### Activity
Quote each line of the material verbatim, without the pictures.
Dataset extract: Begin
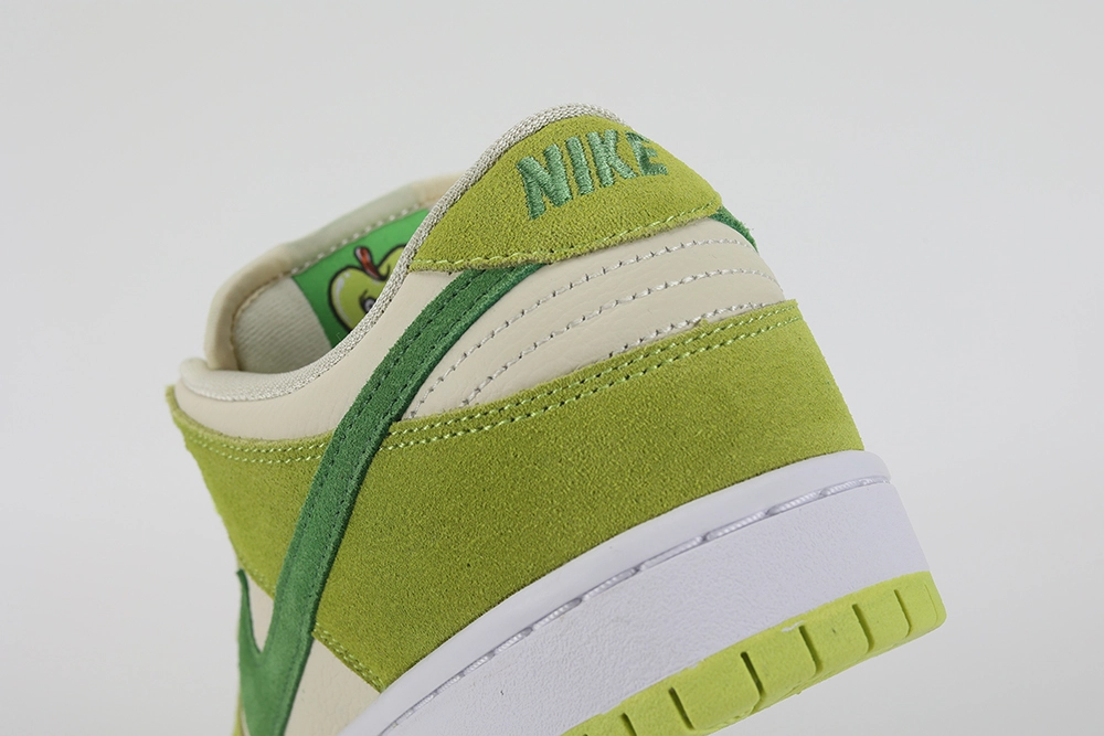 The ‘Fruity Pack – Green Apple’ is not only about its striking looks; it’s equipped with features that enhance comfort and performance. The padded tongue and collar ensure a snug fit, while the Zoom Air unit in the heel offers responsive cushioning, making it ideal for skateboarding or daily wear. The rubber outsole provides excellent traction, ensuring that this sneaker is as functional as it is fashionable.
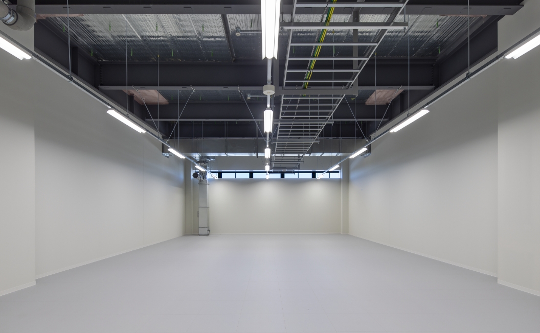 大空間の実証スペース、実験室、協創スペースを設けています。
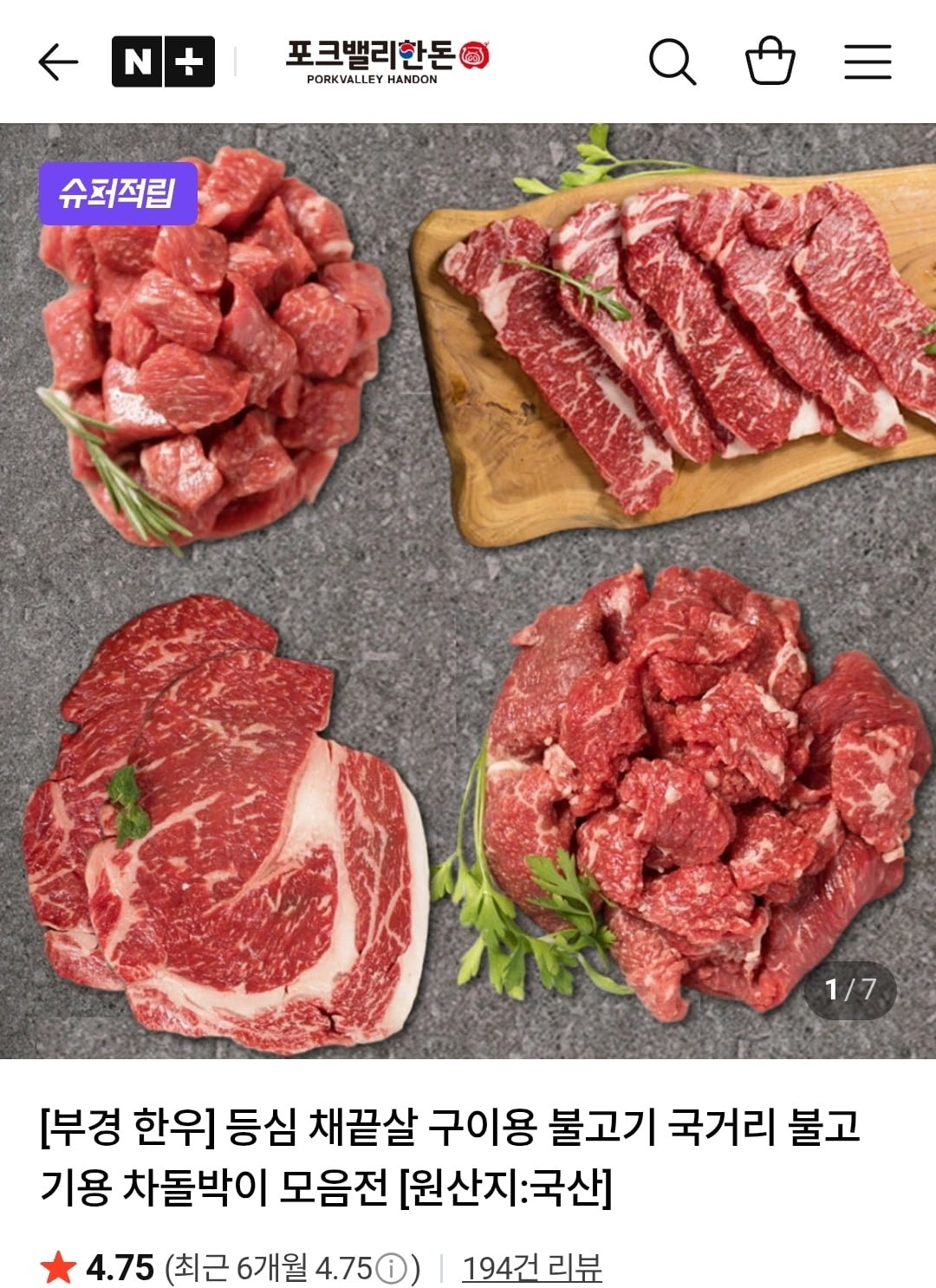 [네이버]한우등심1등급 500g(34,830원/멤버쉽무배)
Dataset extract: End
### Written response
 The ‘Fruity Pack – Green Apple’ is not only about its striking looks; it’s equipped with features that enhance comfort and performance. The padded tongue and collar ensure a snug fit, while the Zoom Air unit in the heel offers responsive cushioning, making it ideal for skateboarding or daily wear. The rubber outsole provides excellent traction, ensuring that this sneaker is as functional as it is fashionable.
 大空間の実証スペース、実験室、協創スペースを設けています。
 [네이버]한우등심1등급 500g(34,830원/멤버쉽무배)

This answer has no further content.